Shallow Depths: James Mangold’s 3:10 to Yuma

If it weren’t for the actors, there wouldn’t be much to watch up there, just a dusty plain.

Shallow Depths: 3:10 to Yuma
Photo: Warner Bros.

If Unforgiven and Dead Man razed the western, there have been few subsequent films to rebuild it. In fact, its best exemplar in ages was a TV show. James Mangold’s remake of Delmer Daves’s 3:10 To Yuma won’t be the genre’s savior, as it continues the trend of attempting to reestablish the tired clichés so deftly skewered by Clint Eastwood and Jim Jarmusch. Mangold’s film is so encumbered with rote elements that when they appear one after another over two not-quite-tedious hours, one is tempted to question whether this is plain bad or if, perhaps, this is a kind of genius parody.
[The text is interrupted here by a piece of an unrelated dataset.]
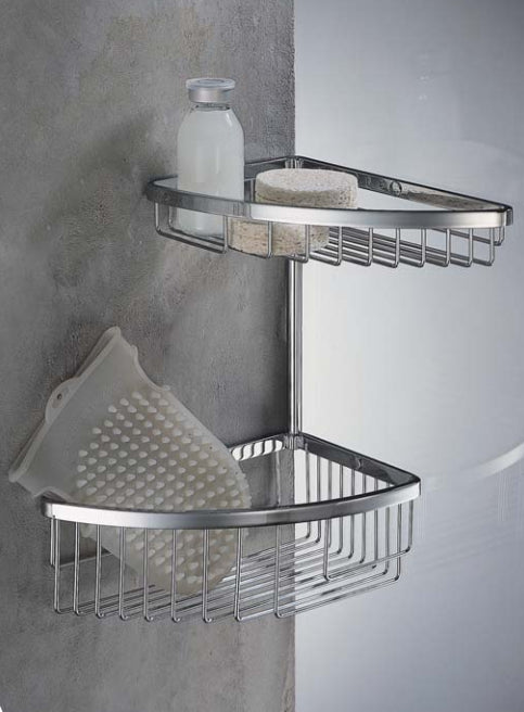 Questa griglia angolare doppia è la soluzione perfetta per l'organizzazione dello spazio nella tua vasca da bagno o nel box doccia. Realizzata in ottone cromato di alta qualità, questa griglia è progettata per durare nel tempo e resistere alla corrosione. Il suo design funzionale e moderno ti permette di tenere a portata di mano i tuoi prodotti da bagno preferiti, mantenendo il tuo bagno sempre in ordine.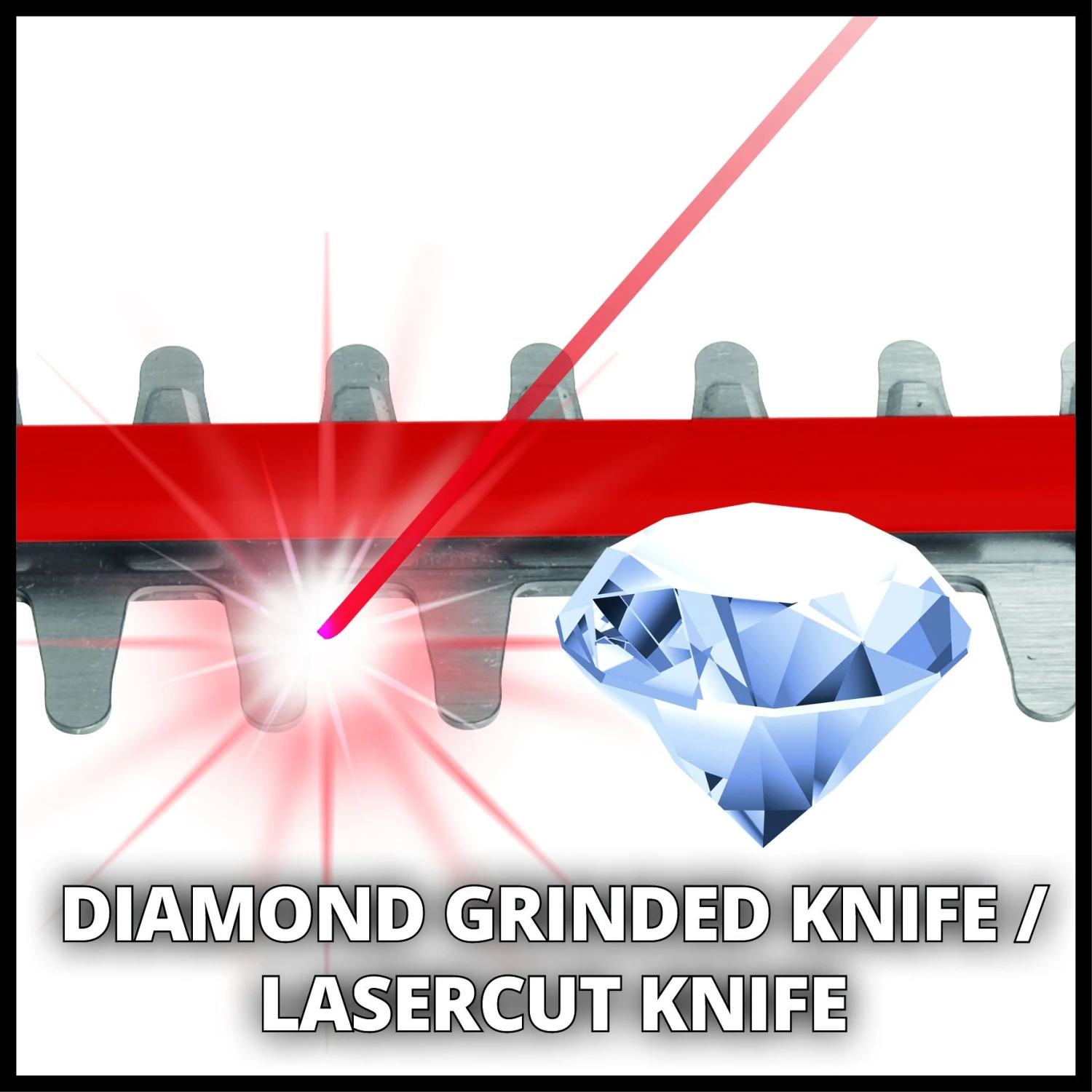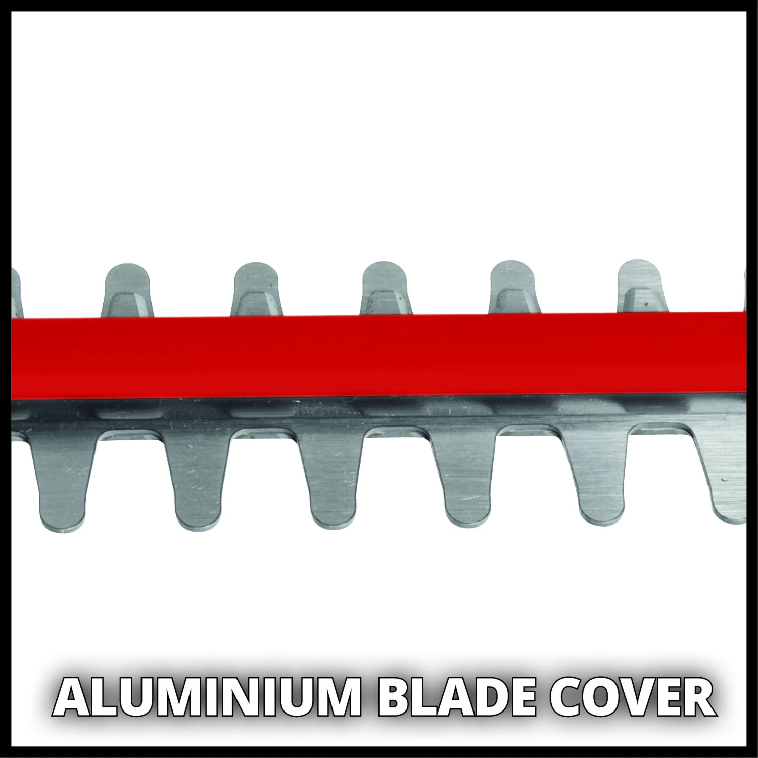 Met de Einhell accu heggenschaar GE-CH 36/61 Li Solo maakt u uw tuin mooier dan ooit, de heggenschaar past zich aan iedere hoek aan. Dankzij de Power X-Change technologie beschikt u over draadloze vrijheid; de flexibele heggenschaar wordt gevoed door hoogwaardige li-ion accu’s, die in meer dan 200 machines uit de Einhell porductlijn kunnen worden gebruikt. Een pluspunt voor het milieu: Uitlaatgassen behoren tot het verleden, maar ook lawaai en een stroomkabel vormen geen gevaar meer tijdens het gebruik. 2x 18V-accu’s zijn vereist. De messen van lasergesneden en diamantgeslepen staal zorgen voor kwaliteit en een lange levensduur. Ook de metalen tandwielaandrijving is ontworpen met het oog op een lange levensduur.

I would like to believe it one or the other—that would be easier—but it is just enough of both to be watchable, if dismissible.

Mangold has made a career of earnest competency, not artistry, and his sure-handed non-style defines everything downright silly and sad about his newest picture: silly because, for all the guile and commitment of 3:10 to Yuma’s actors, Ben Foster is the worthiest performer in a film starring Christian Bale and Russell Crowe (with Peter Fonda and Gretchen Mol around for some plot-device work), and sad because the self-parody isn’t funny.
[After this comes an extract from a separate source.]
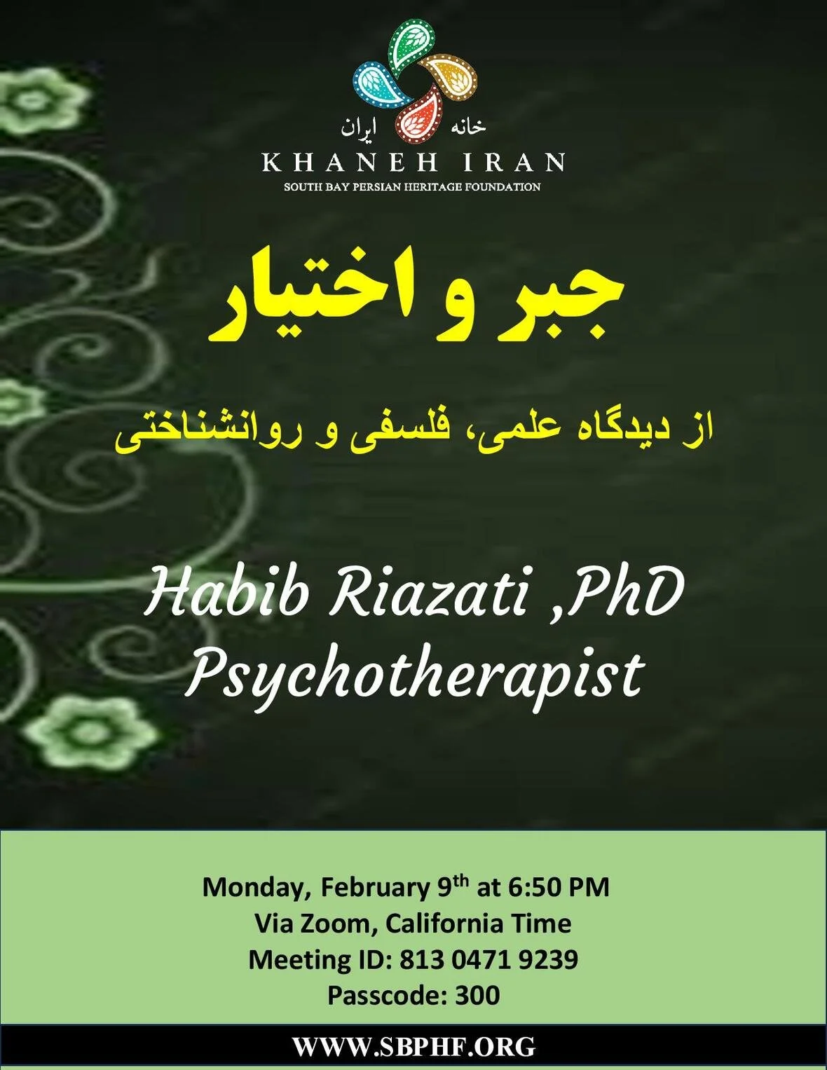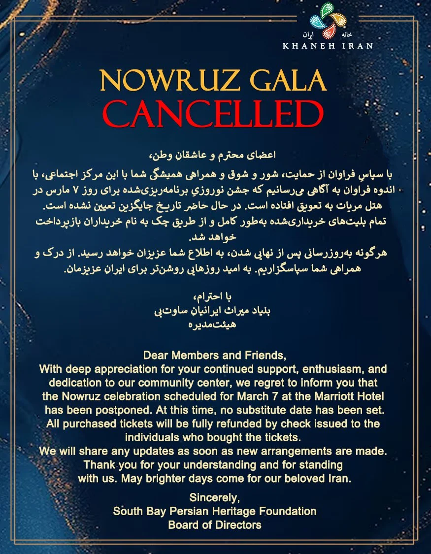 South Bay Persian Heritage Foundation, commonly known as Khaneh Iran, is a 501(c)(3) with over 35 years of serving the American community of Persian heritage in Palos Verdes and neighboring South Bay cities.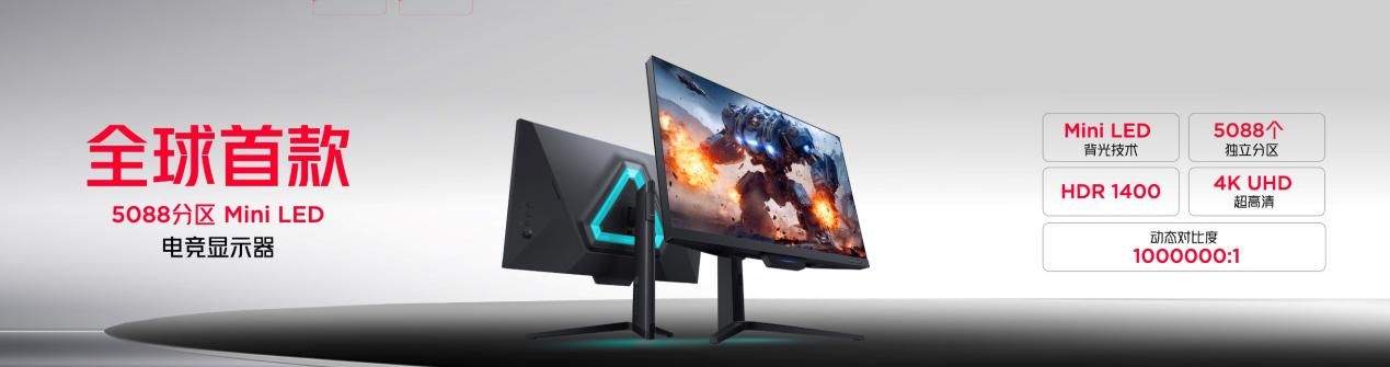 除了電競級影刃2代手柄,紅魔電競宇宙還有兩款規(guī)格極高的電競顯示器。首先是全球首款5088分區(qū)的miniLED電競顯示器,紅魔為其配備4K 160Hz高刷,99%的DCI-P3廣色域,色準(zhǔn) △E<1、還有滿配的全速率接口,達(dá)到行業(yè)頂級水準(zhǔn)。紅魔5088分區(qū)的miniLED電競顯示器售價5999元,首發(fā)嘗鮮價5499元!

This isn’t to say Bale and Crowe are “bad.” Rather, they deliver the kinds of performances you would expect them to: committed and charming, serving the film as best they know how. Bale’s stubborn dedication (method?) helps us believe this sometimes-strapping movie star is an emasculated debtor unable to inspire his family; Crowe has a rogue’s magnetic demeanor down to a science, and you know his smile is ingenuous from the get go.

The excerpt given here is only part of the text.